**What is needed**
If a record holds a picture, leave the picture out and print everything else exactly.

**Input data**
::::::::::
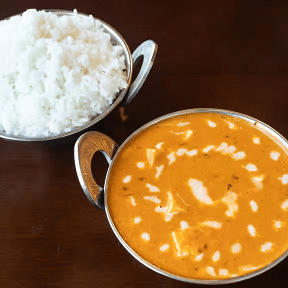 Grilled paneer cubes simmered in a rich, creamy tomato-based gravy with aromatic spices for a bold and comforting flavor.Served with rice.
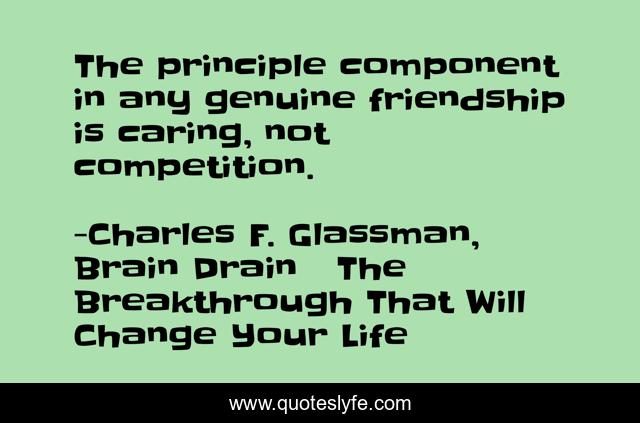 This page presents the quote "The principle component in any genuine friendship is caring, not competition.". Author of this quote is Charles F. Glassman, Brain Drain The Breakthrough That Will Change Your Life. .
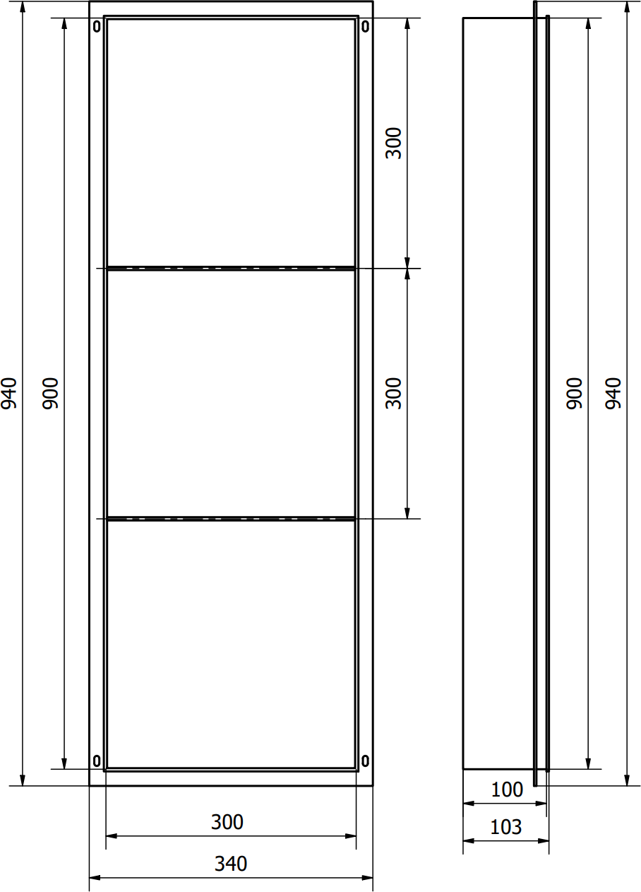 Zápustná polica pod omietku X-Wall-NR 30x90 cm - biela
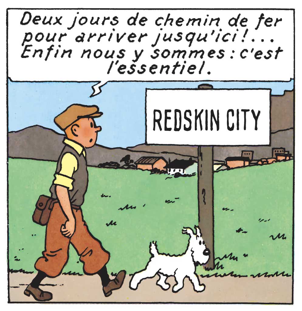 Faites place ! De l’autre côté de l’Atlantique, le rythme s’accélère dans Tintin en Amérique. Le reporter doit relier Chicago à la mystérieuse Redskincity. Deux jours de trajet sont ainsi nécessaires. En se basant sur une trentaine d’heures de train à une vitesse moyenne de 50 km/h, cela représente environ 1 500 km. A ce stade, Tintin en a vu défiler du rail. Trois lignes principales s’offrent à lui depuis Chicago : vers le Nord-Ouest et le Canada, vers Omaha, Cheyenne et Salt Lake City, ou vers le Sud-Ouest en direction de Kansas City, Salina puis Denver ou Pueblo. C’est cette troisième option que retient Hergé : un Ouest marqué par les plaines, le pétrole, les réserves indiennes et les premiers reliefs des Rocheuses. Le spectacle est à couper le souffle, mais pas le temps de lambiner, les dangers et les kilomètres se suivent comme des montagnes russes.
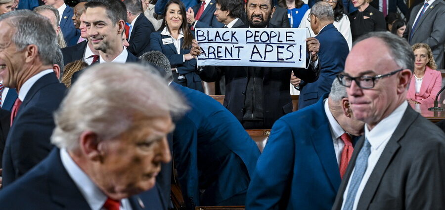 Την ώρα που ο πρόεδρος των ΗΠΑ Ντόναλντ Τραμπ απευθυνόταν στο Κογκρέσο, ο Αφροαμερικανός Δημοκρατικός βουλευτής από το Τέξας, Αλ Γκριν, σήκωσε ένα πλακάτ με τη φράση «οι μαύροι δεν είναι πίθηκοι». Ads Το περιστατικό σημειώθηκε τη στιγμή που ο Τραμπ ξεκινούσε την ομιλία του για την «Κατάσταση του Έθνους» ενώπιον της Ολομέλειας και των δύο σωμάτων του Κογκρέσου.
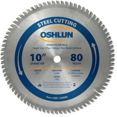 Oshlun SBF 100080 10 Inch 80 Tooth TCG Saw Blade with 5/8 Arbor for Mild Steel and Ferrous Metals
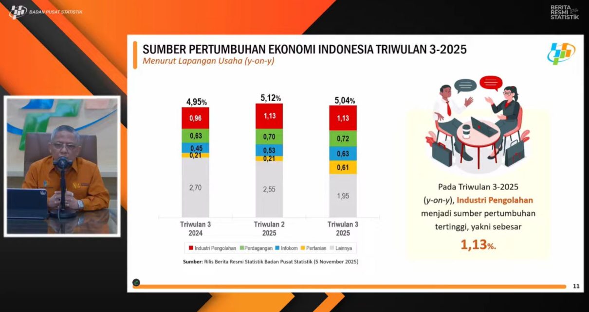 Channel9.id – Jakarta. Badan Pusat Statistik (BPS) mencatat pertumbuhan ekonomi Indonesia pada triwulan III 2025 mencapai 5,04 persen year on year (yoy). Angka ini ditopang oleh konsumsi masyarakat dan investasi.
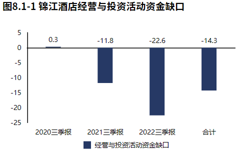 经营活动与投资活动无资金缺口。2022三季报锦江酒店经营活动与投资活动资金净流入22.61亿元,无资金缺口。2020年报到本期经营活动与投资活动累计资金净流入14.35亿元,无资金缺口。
::::::::::
**Written solution**
 Grilled paneer cubes simmered in a rich, creamy tomato-based gravy with aromatic spices for a bold and comforting flavor.Served with rice.
 This page presents the quote "The principle component in any genuine friendship is caring, not competition.". Author of this quote is Charles F. Glassman, Brain Drain The Breakthrough That Will Change Your Life. .
 Zápustná polica pod omietku X-Wall-NR 30x90 cm - biela
 Faites place ! De l’autre côté de l’Atlantique, le rythme s’accélère dans Tintin en Amérique. Le reporter doit relier Chicago à la mystérieuse Redskincity. Deux jours de trajet sont ainsi nécessaires. En se basant sur une trentaine d’heures de train à une vitesse moyenne de 50 km/h, cela représente environ 1 500 km. A ce stade, Tintin en a vu défiler du rail. Trois lignes principales s’offrent à lui depuis Chicago : vers le Nord-Ouest et le Canada, vers Omaha, Cheyenne et Salt Lake City, ou vers le Sud-Ouest en direction de Kansas City, Salina puis Denver ou Pueblo. C’est cette troisième option que retient Hergé : un Ouest marqué par les plaines, le pétrole, les réserves indiennes et les premiers reliefs des Rocheuses. Le spectacle est à couper le souffle, mais pas le temps de lambiner, les dangers et les kilomètres se suivent comme des montagnes russes.
 Την ώρα που ο πρόεδρος των ΗΠΑ Ντόναλντ Τραμπ απευθυνόταν στο Κογκρέσο, ο Αφροαμερικανός Δημοκρατικός βουλευτής από το Τέξας, Αλ Γκριν, σήκωσε ένα πλακάτ με τη φράση «οι μαύροι δεν είναι πίθηκοι». Ads Το περιστατικό σημειώθηκε τη στιγμή που ο Τραμπ ξεκινούσε την ομιλία του για την «Κατάσταση του Έθνους» ενώπιον της Ολομέλειας και των δύο σωμάτων του Κογκρέσου.
 Oshlun SBF 100080 10 Inch 80 Tooth TCG Saw Blade with 5/8 Arbor for Mild Steel and Ferrous Metals
 Channel9.id – Jakarta. Badan Pusat Statistik (BPS) mencatat pertumbuhan ekonomi Indonesia pada triwulan III 2025 mencapai 5,04 persen year on year (yoy). Angka ini ditopang oleh konsumsi masyarakat dan investasi.
 经营活动与投资活动无资金缺口。2022三季报锦江酒店经营活动与投资活动资金净流入22.61亿元,无资金缺口。2020年报到本期经营活动与投资活动累计资金净流入14.35亿元,无资金缺口。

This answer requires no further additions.